◆ **Work order**:
With the pictures left out, copy the records below exactly from the first line down to the line holding "2025年仲恺农业工程学院在", and include that line.

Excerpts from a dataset
■ ■ ■
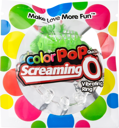 The Screaming O ColorPoP Vibrating Ring is the neon-hued version original award-winning vibrating sex toy for couples that enhances the ability for women to reach orgasm during intercourse! Approximately 75% of women need clitoral stimulation to have an orgasm and The Screaming O ColorPoP Vibrating Ring is specially designed to transfer vibration to the clitoris each time her partner’s body makes contact with hers. The result is simultaneous stimulation that helps enhance the sexual experience for both partners! Simply stretch the ring around the penis and testicles with the motor on top; the ring won’t constrict or feel tight, it’s there just to keep the vibrating motor in place. And when you’re done, simply toss it away – this popular sex toy for couples is completely disposable!
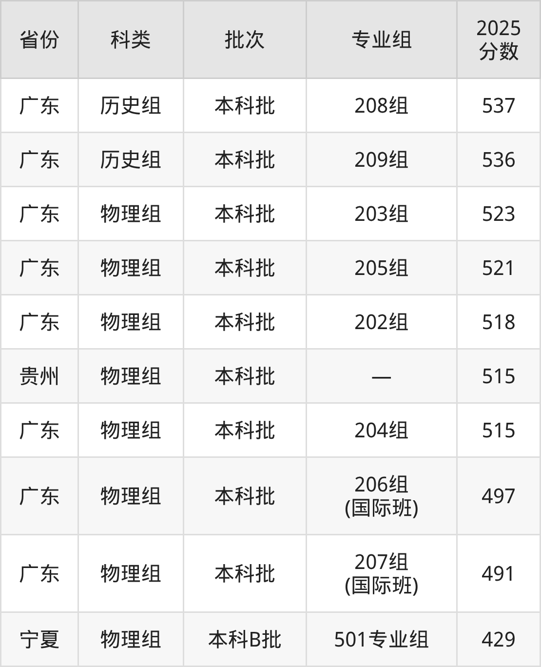 2025年仲恺农业工程学院在全国普通批次招生的录取分数范围位于429~537分之间,其中省内分数范围为491分~537分,历史组最低分专业组为“209组”,考生536分即可报考,物理组最低分专业组为“207组(国际班)”,考生491分即可报考。
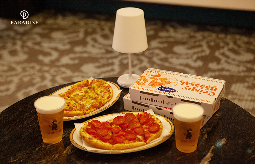 잠시 출출해진 두 파라디안은 인피니티풀 바로 옆에 자리한 인피니티바8으로 자리를 옮겼습니다. 마치 고급스러운 바에 온 것 같은 잔잔한 음악이 흐르는 이 곳에서 두 사람은 시그니처인 고피자와 오비 맥주를 주문했습니다. 크리이지미트와 페퍼로니 두 종류로 구성된 고 피자는 치즈와 토핑이 가득해 입안을 풍성하게 채워주었는데요. 갓 구워 나온 따뜻한 피자와 시원한 맥주의 궁합은 두 사람에게 또 다른 힐링을 선사했습니다. 신나게 물놀이를 즐기고 이제 따끈따끈한 K-style의 휴식이 그리워진 이들은 2층 찜질 스파 존으로 향했습니다.
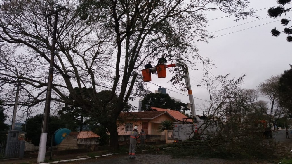 A CELESC está realizando o corte na linha área (galhos) que tocam na rede elétrica de alta tensão e a prefeitura realiza remoção das árvores com o corte até a altura da calçada, exceto raiz. Equipe da Prefeitura também realiza limpeza do local com a coleta do entulho que está sendo destinado ao aterro sanitário. “O principal objetivo desta ação é manter a qualidade de energia elétrica fornecida pela CELESC e a segurança dos pedestres ao transitarem pelas calçadas”, explicou o Secretário de Meio Ambiente e Desenvolvimento Urbano, Delfim Girardi.
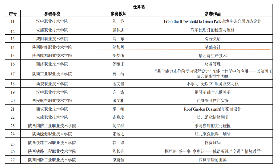 本次说课比赛共有包括我校在内全省14所高职院校,仅27名教师入围决赛。比赛通过线上线下相结合的方式进行,并诚邀西安交通大学、西安外国语大学等省内多所著名高校的英语、法语等5个语种10名专家教授担任评委,主要通过五个方面对参赛教师进行评分,包括教学理念、教学内容、教学创新、教学手段和教学效果。最终共评出一等奖2名、二等奖3名、三等奖5名、优秀奖17名。
■ ■ ■
◆ **Task solution**:
 The Screaming O ColorPoP Vibrating Ring is the neon-hued version original award-winning vibrating sex toy for couples that enhances the ability for women to reach orgasm during intercourse! Approximately 75% of women need clitoral stimulation to have an orgasm and The Screaming O ColorPoP Vibrating Ring is specially designed to transfer vibration to the clitoris each time her partner’s body makes contact with hers. The result is simultaneous stimulation that helps enhance the sexual experience for both partners! Simply stretch the ring around the penis and testicles with the motor on top; the ring won’t constrict or feel tight, it’s there just to keep the vibrating motor in place. And when you’re done, simply toss it away – this popular sex toy for couples is completely disposable!
 2025年仲恺农业工程学院在全国普通批次招生的录取分数范围位于429~537分之间,其中省内分数范围为491分~537分,历史组最低分专业组为“209组”,考生536分即可报考,物理组最低分专业组为“207组(国际班)”,考生491分即可报考。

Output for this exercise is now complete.